Hi Chris,
1. We're running locally using ProcessJobFactory
2. CentOS 7 x86_64
3.
startup.log: https://gist.github.com/imbusy/0592a9c52a96fcce48db
engaged-users.log: https://gist.github.com/imbusy/0b3d264a40ddf34ab8e7
engaged-users.properties:
https://gist.github.com/imbusy/d0019db29d7b68c60bfc
Also note that the properties file sets the default offset to oldest,
but the log file says that it's setting the offset to largest: "2015-02-17
18:46:32 GetOffset [INFO] Got reset of type largest."
4. From the log file: "2015-02-17 18:45:57 SamzaContainer$ [INFO] Got
storage engine base directory: /vagrant/SamzaJobs/deploy/samza/state"
I checked the directory and it actually exists:
du -h /vagrant/SamzaJobs/deploy/samza/state
16K /vagrant/SamzaJobs/deploy/samza/state/engaged-store/Partition 0
0 /vagrant/SamzaJobs/deploy/samza/state/engaged-store/Partition 1
0 /vagrant/SamzaJobs/deploy/samza/state/engaged-store/Partition 2
16K /vagrant/SamzaJobs/deploy/samza/state/engaged-store/Partition 3
36K /vagrant/SamzaJobs/deploy/samza/state/engaged-store
36K /vagrant/SamzaJobs/deploy/samza/state
Lukas
-----Original Message-----
From: Chris Riccomini
Sent: Monday, February 16, 2015 5:53 PM
To: dev@samza.apache.org
Subject: Re: RocksDBException: IO error: directory: Invalid argument
Hey Lukas,
It looks like the exception is actually thrown on get, not put:
at org.apache.samza.storage.kv.KeyValueStorageEngine.get(
KeyValueStorageEngine.scala:44)
1. Are you running your job under YARN, or as a local job
(ThreadJobFactory/ProcessJobFactory)?
2. What OS are you running on?
3. Could post a fully copy of your logs somewhere (github gist, pasteboard,
or something)?
4. Also, what does this line say in your logs:
info("Got storage engine base directory: %s" format storeBaseDir)

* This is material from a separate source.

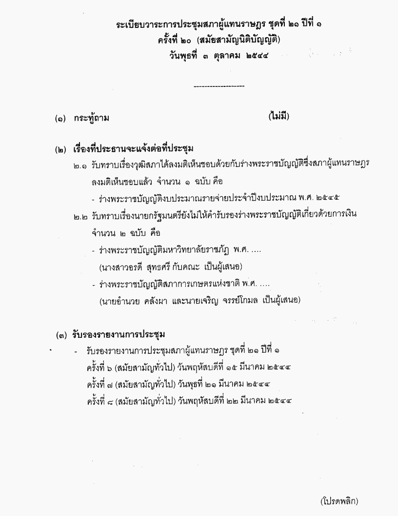• ระเบียบวาระการประชุมสภาผู้แทนราษฎร ชุดที่ 21 ปีที่ 1 ครั้งที่ 20 (สมัยสามัญนิติบัญญัติ) วันพุธที่ 3 ตุลาคม 2544
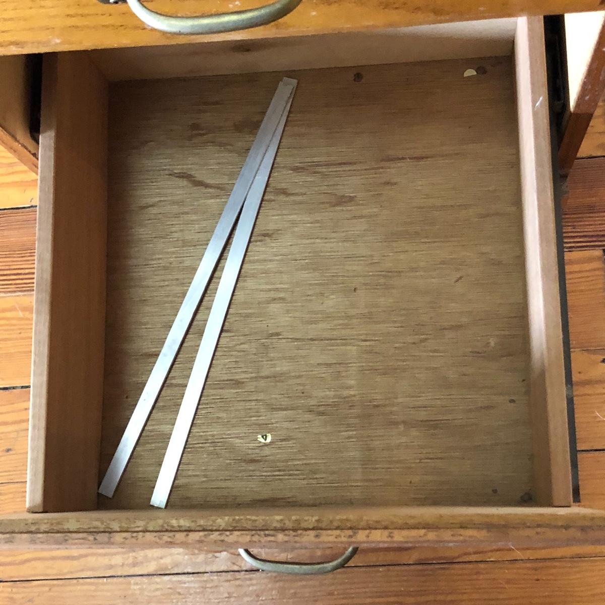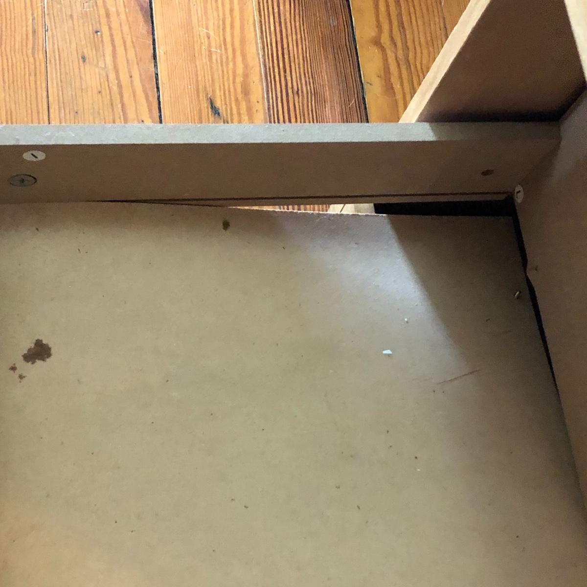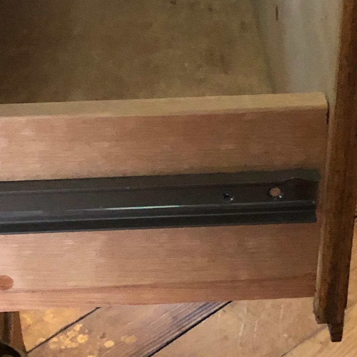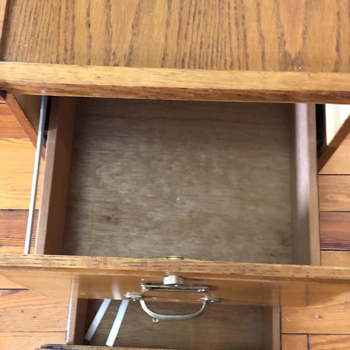 Two pressed wood filing cabinets here with a couple of rails needing to be reinstalled. Neither unit has its key.

It sounds like something is getting messed up with the directory where the
RocksDB store is trying to keep its data.
Cheers,
Chris
On Mon, Feb 16, 2015 at 3:50 PM, Lukas Steiblys <lu...@doubledutch.me>
wrote:
Hello,
I was setting up the key-value storage engine in Samza and ran into an
exception when querying the data.
I added these properties to the config:
stores.engaged-store.factory=org.apache.samza.storage.kv.RocksDbKeyValueStorageEngineFactory
stores.engaged-store.changelog=kafka.engaged-store-changelog
# a custom data type with an appropriate Serde
stores.engaged-store.key.serde=UserAppPair
# wrote a Serde for Long using ByteBuffer
stores.engaged-store.msg.serde=Long
I have no trouble initializing the storage engine with:
val store =
context.getStore("engaged-store").asInstanceOf[KeyValueStore[UserAppPair,
Long]];
but when I query by the key when processing messages, it’s throwing an
exception:
val key = new UserAppPair(userId, appId);
val value = store.get(key);
Here’s the log:
2015-02-16 23:30:18 BrokerProxy [INFO] Starting BrokerProxy for
localhost:9092
2015-02-16 23:30:18 BrokerProxy [WARN] It appears that we received an
invalid or empty offset None for [Follows,0]. Attempting to use Kafka's
auto.offset.reset setting. This can result in data loss if processing
continues.
2015-02-16 23:30:18 GetOffset [INFO] Checking if auto.offset.reset is
defined for topic Follows
2015-02-16 23:30:18 GetOffset [INFO] Got reset of type largest.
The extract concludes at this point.